In non-Indian languages

   Due to common cultural, ethnic and linguistic traditions, Sanskrit
   words are found in Sinhalese, Nepali, Sindhi and other languages of the
   Indian subcontinent.

   Sanskrit words are also found in many other present-day non-Indian
   languages. For instance, the Thai language contains many loan words
   from Sanskrit. For example, in Thai, the Rāvana - the emperor of Sri
   Lanka is called 'Thoskonth' which is a derivation of his Sanskrit name
   'Dashakanth' ("of ten necks"). The influence extends as far as the
   Philippines, e.g., Tagalog 'gurò' from 'Guru', or 'teacher', with the
   Hindu seafarers who traded there. Many Sanskrit words are also found in
   modern day Malay 9 10% of the words are Sanskrit), Old Javanese
   language (close to 50%) and Vietnamese.

Attempts at revival

   Of late, there have been attempts to revive the speaking of this
   ancient tongue, so that the vast literature available in Sanskrit can
   be made easily available to everyone. The CBSE (Central Board of
   Secondary Education) in India has made Sanskrit a third language
   (though it is an option for the school to adopt it or not, the other
   choice being the state's own official language) in the schools it
   governs. In such schools, learning Sanskrit is an option for grades 5
   to 8 (Classes V to VIII). This is true of most schools, including but
   not limited to Christian missionary schools, affiliated to the ICSE
   board too, especially in those states where the official language is
   Hindi. An option between Sanskrit and Hindi (or many other local
   languages) as a second language exists for grades 9 and 10. Many
   organizations like the Samskrta Bharati are conducting Speak Sanskrit
   workshops to popularize the language. About four million people are
   claimed to have acquired the ability to speak Sanskrit fluently.

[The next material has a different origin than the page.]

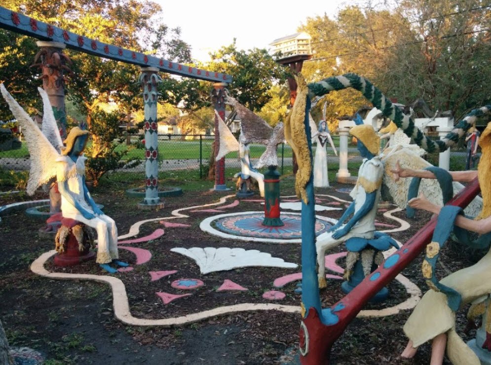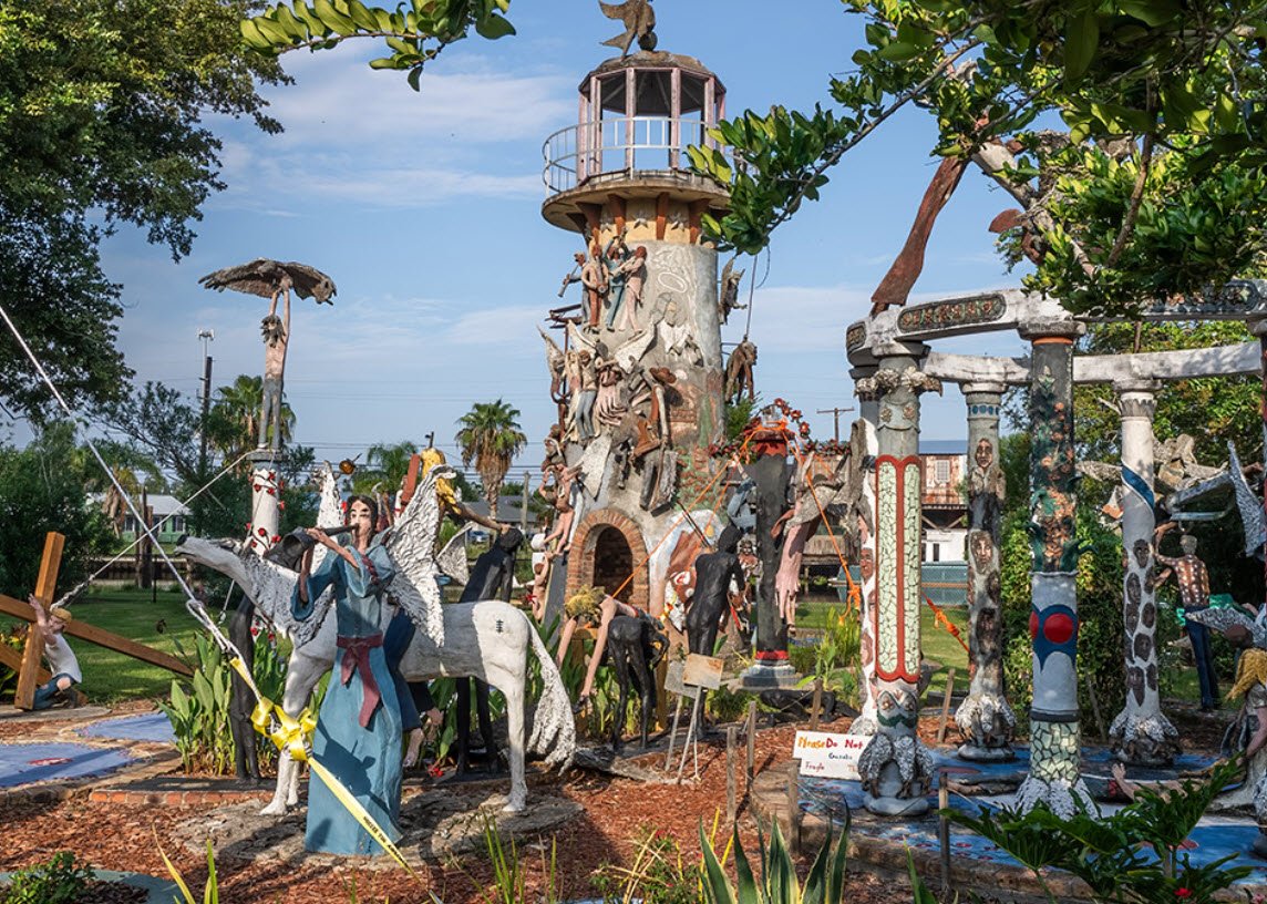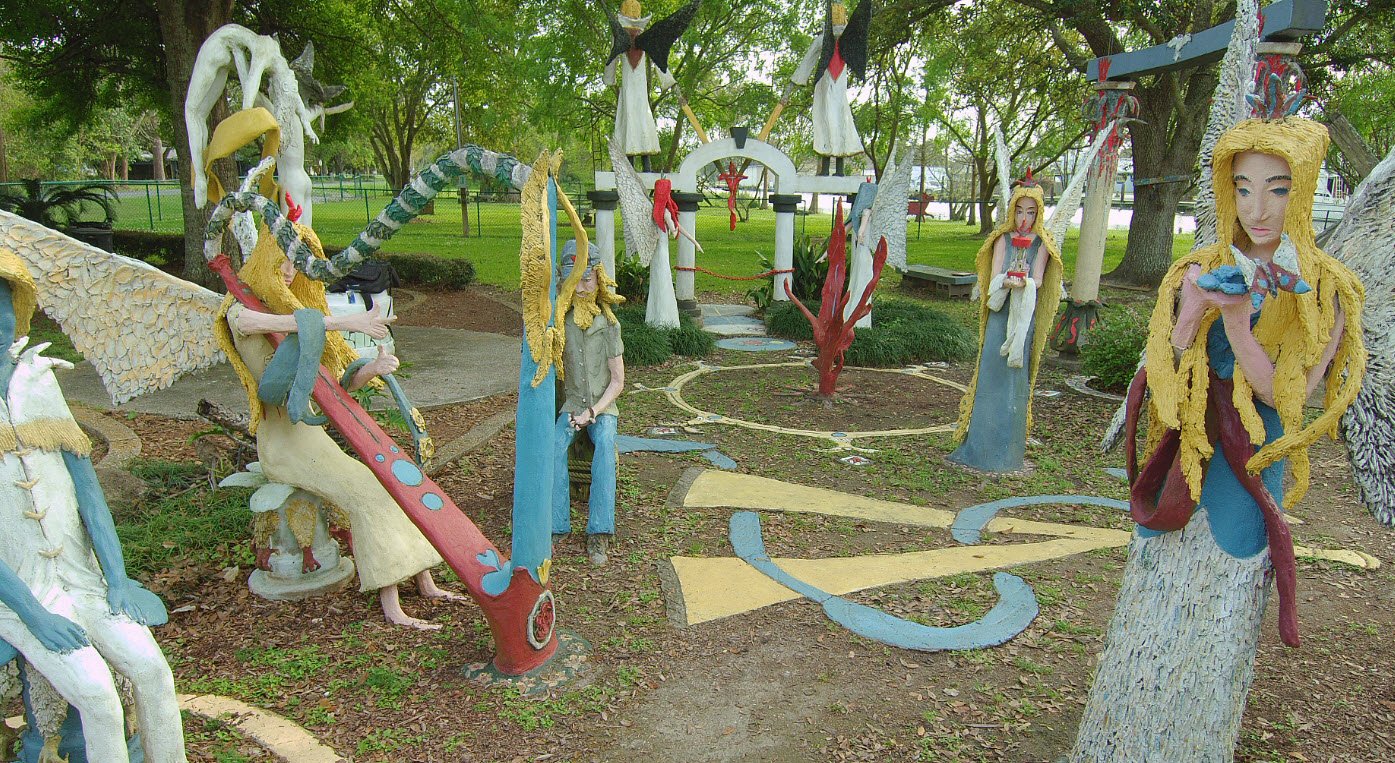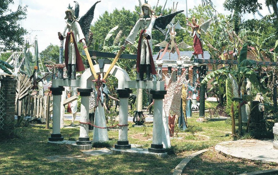 Located in the small fishing community of Chauvin along Bayou Petit Caillou, the garden features nearly 100 life-sized concrete and brick sculptures including angels, soldiers, cowboys, and figures of personal and religious significance, which together form a deeply autobiographical and symbolic landscape.

   Sanskrit is spoken natively by the population in Mattur village in
   central Karnataka. Inhabitants of all castes learn Sanskrit starting in
   childhood and converse in the language. Even the local Muslims speak
   and converse in Sanskrit. Historically, the village was given by king
   Krishnadevaraya of the Vijayanagara Empire to Vedic scholars and their
   families. People in his kingdom spoke Kannada and Tuluva.

   Several organizations across India are putting in efforts to revive the
   language and to preserve oral transmission of the Vedas. Shri
   Vedabharathi is one such organization based out of Hyderabad, Andhra
   Pradesh that has been digitizing the Vedas through voice recording the
   recitations of Vedic Pandits.

   In recent years, there has been an interest with using Sanskrit in
   computer programming. Because of its syntax, it was believed to be
   ideal for computer translation.

Interactions with Sino-Tibetan languages

   Sanskrit and related languages have also influenced their
   Sino-Tibetan-speaking neighbors to the north through the spread of
   Buddhist texts in translation. Buddhism was spread to China by
   Mahayanist missionaries mostly through translations of Buddhist Hybrid
   Sanskrit and Classical Sanskrit texts, and many terms were
   transliterated directly and added to the Chinese vocabulary. (Although
   Buddhist Hybrid Sanskrit is not Sanskrit, properly speaking, its
   vocabulary is substantially the same, both because of genetic
   relationship, and because of conscious imitation on the part of
   composers. Buddhist texts composed in Sanskrit proper were primarily
   found in philosophical schools like the Madhyamaka.)

Sanskrit's usage in modern times

   All of India's scientific discoveries and developments are named in
   Sanskrit, as a counterpart of the practice of naming scientific
   developments in Latin or Greek followed in the west. The Indian guided
   missile program that was commenced in 1983 by DRDO has named the five
   missiles (ballistic and others) that it has developed as Prithvi, Agni,
   Akash, Nag and Trishul. India's first modern fighter aircraft is named
   Tejas. The Indian Space Research Organization ISRO has named all of its
   propulsion rockets after mythological characters found in Sanskrit
   literature.

   This practice is usually followed in scientific institutions in India
   also.

   Recital of Sanskrit shlokas as background chorus in films, television
   advertisements and as slogans for corporate organizations has become a
   trend.

   Recently, Sanskrit has also made an appearance in Western pop music in
   recent years, in two recordings by Madonna. One, "Shanti/Ashtangi,"
   from the 1998 album "Ray of Light," is the traditional Ashtanga yoga
   chant referenced above set to music. The second, "Cyber-raga," released
   in 2000 as a B-side to Madonna's single "Music," is a Sanskrit-language
   ode of devotion to a higher power and a wish for peace on earth.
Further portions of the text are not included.